- Opening Delimiter -

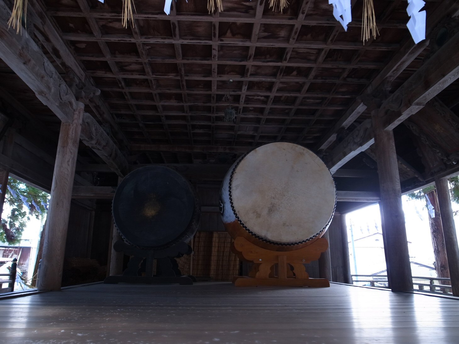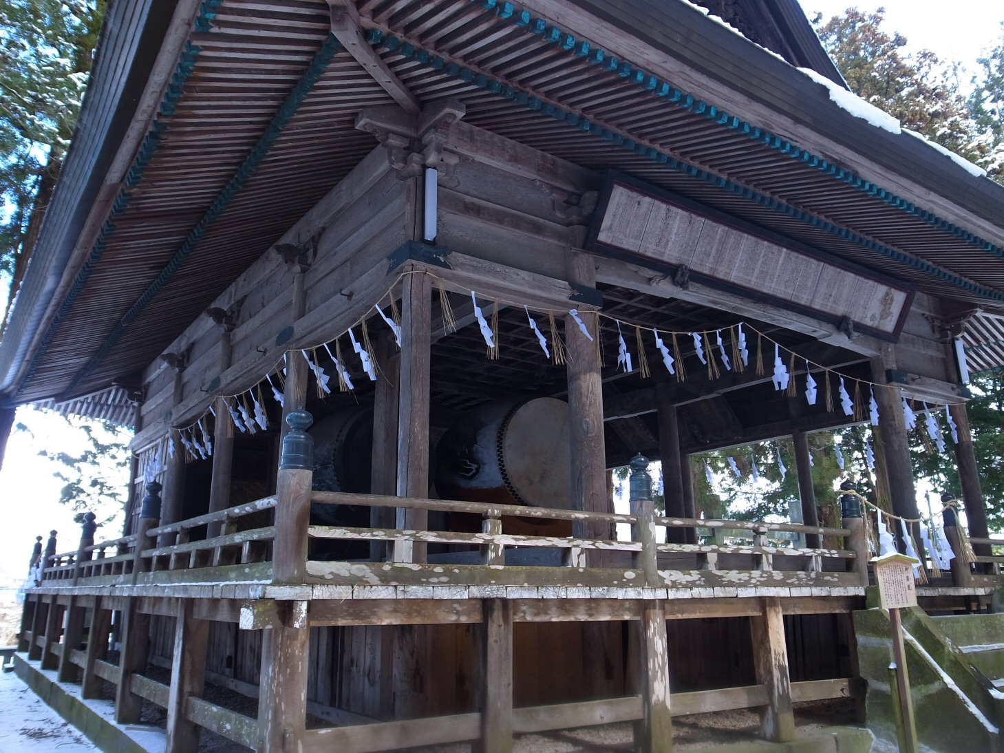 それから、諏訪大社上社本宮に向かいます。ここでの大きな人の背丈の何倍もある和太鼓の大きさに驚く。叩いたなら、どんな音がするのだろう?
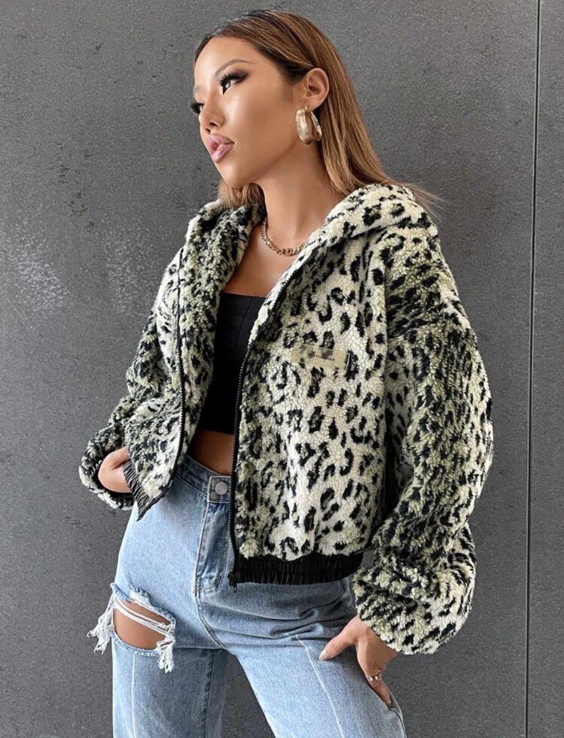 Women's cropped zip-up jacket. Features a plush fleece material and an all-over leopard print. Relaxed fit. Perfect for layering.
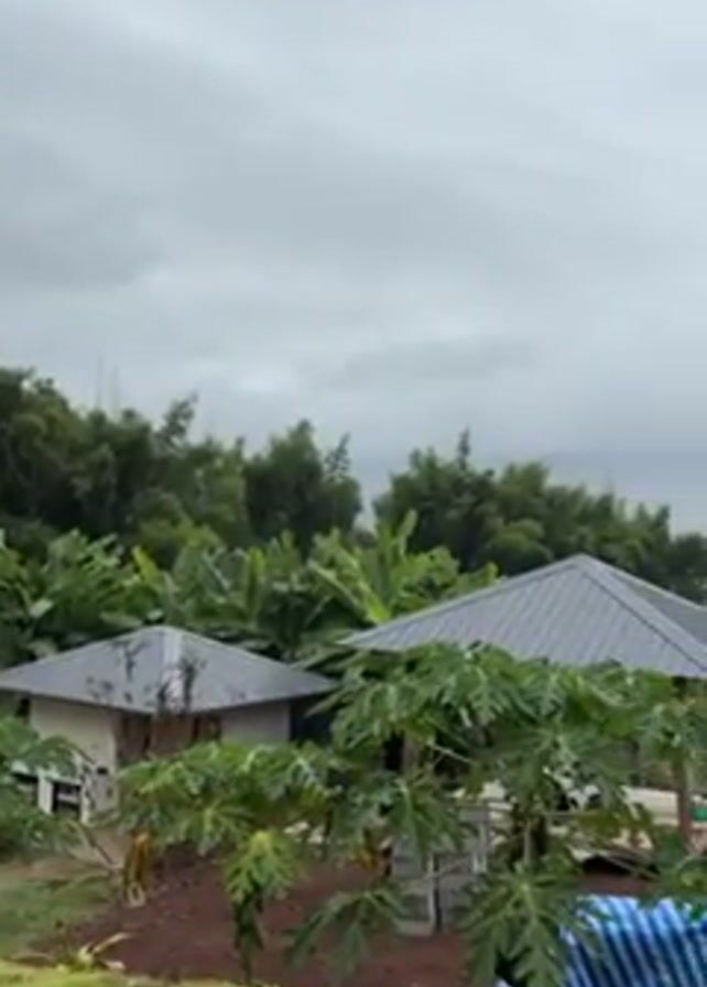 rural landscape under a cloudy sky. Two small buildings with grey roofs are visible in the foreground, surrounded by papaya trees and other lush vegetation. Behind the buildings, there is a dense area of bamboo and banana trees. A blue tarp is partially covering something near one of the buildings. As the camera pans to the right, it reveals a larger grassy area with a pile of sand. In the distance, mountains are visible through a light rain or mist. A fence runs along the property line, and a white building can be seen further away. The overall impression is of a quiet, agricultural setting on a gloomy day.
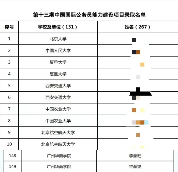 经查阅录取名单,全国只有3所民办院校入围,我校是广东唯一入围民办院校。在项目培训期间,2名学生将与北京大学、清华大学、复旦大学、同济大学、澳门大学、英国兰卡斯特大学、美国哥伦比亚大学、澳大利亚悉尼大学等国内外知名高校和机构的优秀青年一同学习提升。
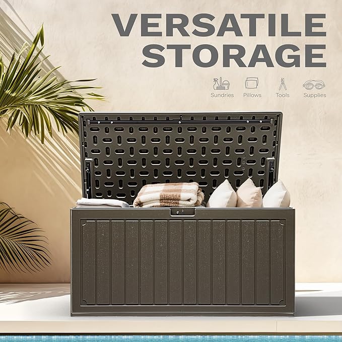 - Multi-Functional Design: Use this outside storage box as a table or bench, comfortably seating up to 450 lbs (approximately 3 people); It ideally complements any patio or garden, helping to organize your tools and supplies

- Closing Delimiter -
- Opening Delimiter -

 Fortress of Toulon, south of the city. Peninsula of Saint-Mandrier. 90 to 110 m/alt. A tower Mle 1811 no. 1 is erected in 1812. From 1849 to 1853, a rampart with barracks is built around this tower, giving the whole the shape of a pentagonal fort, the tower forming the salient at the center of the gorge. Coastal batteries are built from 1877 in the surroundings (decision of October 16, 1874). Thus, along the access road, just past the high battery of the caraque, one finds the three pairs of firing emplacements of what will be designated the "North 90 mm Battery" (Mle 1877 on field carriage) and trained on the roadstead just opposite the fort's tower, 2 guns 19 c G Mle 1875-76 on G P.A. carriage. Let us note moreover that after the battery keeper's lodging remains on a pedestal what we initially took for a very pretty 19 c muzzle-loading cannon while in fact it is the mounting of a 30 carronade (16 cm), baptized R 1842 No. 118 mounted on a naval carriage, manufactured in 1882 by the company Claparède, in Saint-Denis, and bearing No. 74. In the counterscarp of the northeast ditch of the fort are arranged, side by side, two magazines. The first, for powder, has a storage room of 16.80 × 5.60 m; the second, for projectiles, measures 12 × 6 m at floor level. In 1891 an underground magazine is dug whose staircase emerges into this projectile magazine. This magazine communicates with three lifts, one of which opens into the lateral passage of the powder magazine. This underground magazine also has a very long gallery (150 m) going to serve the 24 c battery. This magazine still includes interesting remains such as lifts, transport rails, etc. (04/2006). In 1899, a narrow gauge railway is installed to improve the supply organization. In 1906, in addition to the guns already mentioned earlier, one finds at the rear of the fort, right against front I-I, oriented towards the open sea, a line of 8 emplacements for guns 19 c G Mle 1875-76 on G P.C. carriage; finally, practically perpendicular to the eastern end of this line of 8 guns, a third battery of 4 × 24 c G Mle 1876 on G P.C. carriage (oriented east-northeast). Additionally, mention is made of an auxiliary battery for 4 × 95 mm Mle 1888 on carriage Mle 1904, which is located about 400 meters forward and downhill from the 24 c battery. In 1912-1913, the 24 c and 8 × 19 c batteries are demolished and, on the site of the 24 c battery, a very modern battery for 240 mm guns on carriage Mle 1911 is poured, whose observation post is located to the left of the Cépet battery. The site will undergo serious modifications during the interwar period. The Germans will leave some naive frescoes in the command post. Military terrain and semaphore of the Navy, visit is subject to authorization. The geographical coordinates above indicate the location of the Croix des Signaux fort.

- Closing Delimiter -

_YOUR TASK_. Reproduce exactly the lines above starting at the line containing "Women's cropped zip-up" and ending at the line containing "- Multi-Functional Design: Use", including both, but not the pictures.

_SOLUTION TO THIS TASK_.
 Women's cropped zip-up jacket. Features a plush fleece material and an all-over leopard print. Relaxed fit. Perfect for layering.
 rural landscape under a cloudy sky. Two small buildings with grey roofs are visible in the foreground, surrounded by papaya trees and other lush vegetation. Behind the buildings, there is a dense area of bamboo and banana trees. A blue tarp is partially covering something near one of the buildings. As the camera pans to the right, it reveals a larger grassy area with a pile of sand. In the distance, mountains are visible through a light rain or mist. A fence runs along the property line, and a white building can be seen further away. The overall impression is of a quiet, agricultural setting on a gloomy day.
 经查阅录取名单,全国只有3所民办院校入围,我校是广东唯一入围民办院校。在项目培训期间,2名学生将与北京大学、清华大学、复旦大学、同济大学、澳门大学、英国兰卡斯特大学、美国哥伦比亚大学、澳大利亚悉尼大学等国内外知名高校和机构的优秀青年一同学习提升。
 - Multi-Functional Design: Use this outside storage box as a table or bench, comfortably seating up to 450 lbs (approximately 3 people); It ideally complements any patio or garden, helping to organize your tools and supplies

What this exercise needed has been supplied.